# Skittlebrau



## walzo (17/6/15)

So I've been looking around for a while for a recipe for this but no one seems to have anything direct I can follow.

I'm only young in brewing years so it'll be a brew from a coopers can.

I'm thinking a simple Lager base, something light in flavour, no heavy hops. Very basic. BE1 as fermentables.

Then boiled skittles (Single colour/flavour, not all of them) added after primary fermentation. Perhaps for a bit of lagering or just straight into the keg during carbonation.

Thoughts on -
* amount of skittles to use
* final taste
* anything else.

Cheers


----------



## Topher (17/6/15)

From Simpsons yeah? 

"I'm sorry Mr Homer but such a product does not exist"


----------



## Kumamoto_Ken (17/6/15)

Topher said:


> "I'm sorry Mr Homer but such a product does not exist"


----------



## Topher (17/6/15)

This is the first result when you google skittlebrau....quite funny.

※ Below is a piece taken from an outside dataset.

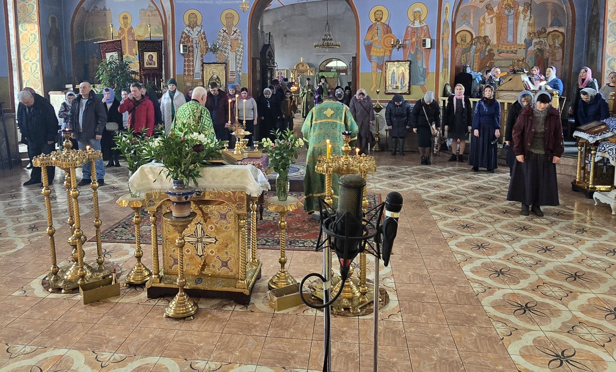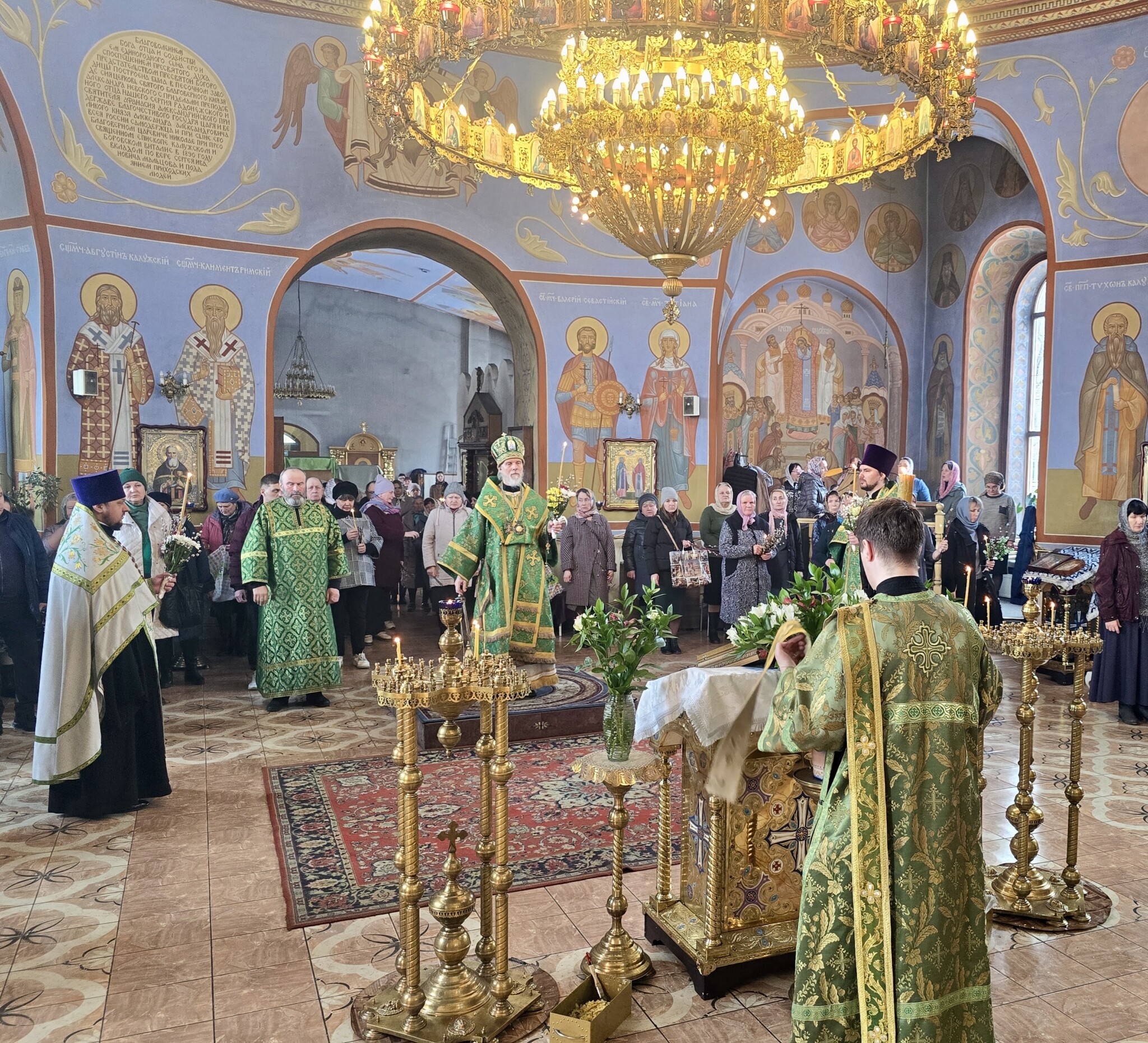 По прочтении праздничного евангельского зачала настоятель поздравил молящихся с праздником и ознакомил в расписание служб Страстной Седмицы.

http://www.cracked.com/blog/the-flaming-moe-5-other-fictional-cocktails-tested/


----------



## walzo (17/6/15)

Yes and yes. From Simpsons fame. Hopefully as tasty as it's made to sound in the post linked above.


----------



## walzo (17/6/15)

I'm assuming adding them during the primary would mean most of the sugar ferments off along with most of the flavour. I don't really have enough time to do multiple batches as it's needed very soon.


----------



## slcmorro (17/6/15)

I wouldn't bother. Most if not all the flavour you're likely to get from Skittles would be completely overtaken by esters and phenols.

Just split a 1L bottle of vodka into 5 x 200 ml flasks/bottles and do single colour skittle vodka. Much cooler.


----------



## walzo (17/6/15)

There is that option, and I would but it's for a home brew competition at work. 

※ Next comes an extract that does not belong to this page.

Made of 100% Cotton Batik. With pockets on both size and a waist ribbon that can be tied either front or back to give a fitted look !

I'm not expecting anything spectacular, more to get beer with a hint of skittles.

I've never read any posts/blogs/messages where anyone has ever returned with the results. I can only imagine it was bad...or...so good it opened a portal to Valhalla and they've been too busy partying ever since.


----------



## Topher (18/6/15)

Maybe make a tincture in vodka like above. Add it at bottling or kegging after tasting it. You coild split the batch....one lot with yellow skittles and one lot with red etc.


----------



## walzo (18/6/15)

Tincture? Could be a plan.


----------



## panspermian (18/6/15)

How about doing the skittle vodka thing but then pouring that into a finished beer so there is no interaction between skittles and beer yeast.
The vodka might not be great either. Best to check that first. The alcohol might break down preservatives which may ruin flavour. Who knows what might happen.


----------



## panspermian (18/6/15)

I just googled tincture. 
Do that.....


----------



## walzo (18/6/15)

Yep, just did the same, sounds like a goer. Don't want too much alcoholic content though. I'll see how it goes.


----------



## TheWiggman (18/6/15)

The drama you have is the flavour from Skittles would be mostly sugar. One you add that to a home brewed beer with yeast in it, fermentation will occur and the sugar will be eaten away. I can't see that making a tincture will change the chemistry of the sugar so you're snookered unless you filter the yeast. Which if you're a new brewer, is not something you'd be set up to do.


----------



## panspermian (18/6/15)

Find a particular flavour you like, like lemon, then make a lemon infused concoction. (Maybe boil down lemon juice and rinds?) Google it how to do this properly.
Or stick lemon pieces into a vodka bottle.
This way, you'll use something that tastes like skittles but isn't really. Don't tell anyone what you did though, let them think you really did make a skittles beer.


----------



## walzo (18/6/15)

I did win a beer filter in the last competition (I'll be up front, there was a 1st, 2nd and 3rd prize and only 3 entrants). If I filtered the beer before adding the mix would that alleviate the problem of any yeast fermenting the sugar of the skittles?

Picking a flavour and faking it may be easier too I guess.

Maybe even make the tincture and add it as a shot to each beer, or half shot, like those alco-pop drinks you used to be able to buy that had the test tube with them.


----------



## Dan Pratt (18/6/15)

What's the place of work has a homebrew competition?


----------



## dent (18/6/15)

Skittles have a fair bit of fruity acidity, yeah? I reckon about a kilo of them wouldn't go astray in a wit beer, or something similar where the sourness can be harmonious with the flavour. I don't think a lager or stout would be good. Even better if you pick out just one colour, make it red or green.


----------



## walzo (19/6/15)

The competition is for our social club. 

So a german style you think?

Red was going to be my colour of choice I think.


----------



## TheWiggman (19/6/15)

walzo said:


> I did win a beer filter in the last competition (I'll be up front, there was a 1st, 2nd and 3rd prize and only 3 entrants). If I filtered the beer before adding the mix would that alleviate the problem of any yeast fermenting the sugar of the skittles?


Yes it would. Be wary if you do filter the yeast, you won't be able to bottle prime.


----------



## walzo (19/6/15)

Hmm, this could work then, I'll be kegging it so no secondary required.


----------